After our
passionate conversation in class last Wednesday, I want to continue to explore
the issue of adulthood vs. childhood in Harry
Potter. I watched films 1-6 for the first time when I was 18. From there, I
started reading the books. I loved the story, the characters, the world,
everything. And then I came to Deathly
Hallows and I didn’t know how to process one of its many big reveals: the
Dumbledore dilemma. To put it in as few words as possible, we find out that
Dumbledore has been a kind of puppet master since the beginning. I was shocked
that Rowling would take such a noble, fatherly authority figure—one of our
pillars of the “good side”—and bring him down the way she did. Most children’s
fiction doesn’t do this; we can find plenty of incompetent or mostly absent
adults, but not many who are as complex as Dumbledore turns out to be. What
does this have to do with the book we actually read? Well, as reread, I started looking
at all of the authority figures, and what I realized was that Rowling
challenges the child/adult binary quite strongly from the very beginning. For
example, as early as chapter one we see adults lording over children in a very
totalitarian way: Dumbledore dictates what Harry’s childhood should be like, Uncle
Vernon tells Harry not to ask questions, and the very structure of Hogwarts’

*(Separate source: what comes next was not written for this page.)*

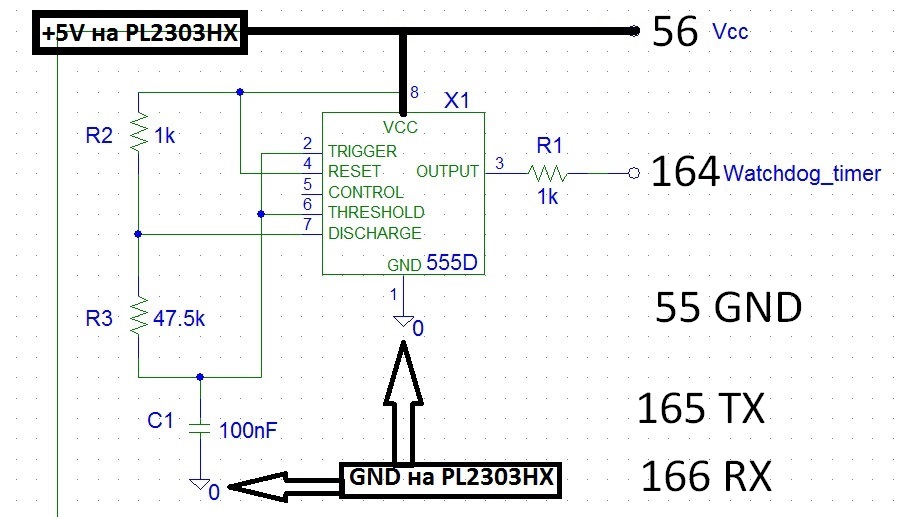 Oh, I see. I did try inverting TX/RX with no success. EDIT from the future: when I did get it to work, it is in fact Pin 9 P409 to TX labeled lead on FTDI chip (pin 1), and Pin 10 P411 RX on FTDI (pin5) So, I built the 555 emulator, but in the instructions it mentions the Arduino doesn't switch as fast because of its code loop, which could be heard when I connected it to a headphone speaker. So I found a square wave generator program for it which is super simple. 125hz works out to be a period of 8 ms, so I set the program to switch every 4ms from high to zero. The voltage is 2.5V. The tone very closely matches the 125hz Youtube video I found. It greatly simplifies the circuitry as I just kept the 1k resistor for the 'watchdog'. Unfortunately, it wouldn't connect in Ecuflash and I had trouble installing FDT on my windows VM. I couldn't find a linux version, but there is one for the Renesa 'Programmer'. My problem now is I don't know how to verify the watchdog is working. I could change the loop value to 3ms, but 150hz equates to 6.6ms, so 6ms would be a little higher hertz. But my Arduino locked up and I just picked up a second one to flash the bootloader and it's back online. I'll try 3ms next.. I read from Sasha that "SH reset pin ( CN1 pin7)" should be switching about every 50ms, but I didnt find that pin..? Plus I'm not sure if my voltmeter would show anything that fast. ( viewtopic.php?f=7&t=7136 - half way down). I tried measuring pin 4 for reset on CN402, but it only shows a constant ~.26V. Any suggestions? I'm pretty sure I can get the Arduino to output the right 'tickler' frequency, even if I have to use one of the PWN pins and adjust the duty cycle, because it bricked when I tried to put in a decimal value for the 3.5 miliseconds. My neighbor has an old oscilloscope, and actually now I have a second Arduino, I saw I can make a simple one from it and input to an audio jack to the PC. I should be able to check the frequency with it. I wonder if the Volts are too low.. maybe, but 2.5V is half of 5V which my voltmeter is probably reading as an average. I did get some noise out of my FTDI Tx/Rx leads when I connected them to the minispeaker. I'm hoping my USB power source isn't too noisy. I just noticed Arduino 9V in takes up to 12V, so may try hooking all up to a 12V Milwakee battery pack. I need to find CN1 pin7 first to make sure my 'tickler' is actually working though. And one thread said its possible to use the Tx/Rx on the Arduino, so I might also check that as an alternative to the FTDI cable.

educational system enforces strict rules on how students should think and
behave (think of how the sorting hat dictates identity). Harry and his comrades,
and other child protagonists in adolescent literature, have to resist this in
order to act and keep the narrative in motion. They cannot fully rely on any adult or else they would have very little to no agency. This is why I think that characters like Dumbledore, Sirius, and James Potter are so interesting. In the typical adolescent novel, we would be on their side and stay on their side. But Rowling frustrates that expectation by revealing them to be more human and complex. We might still be on their side at the end of the day, but not without first questioning their authority and our own response to their authority.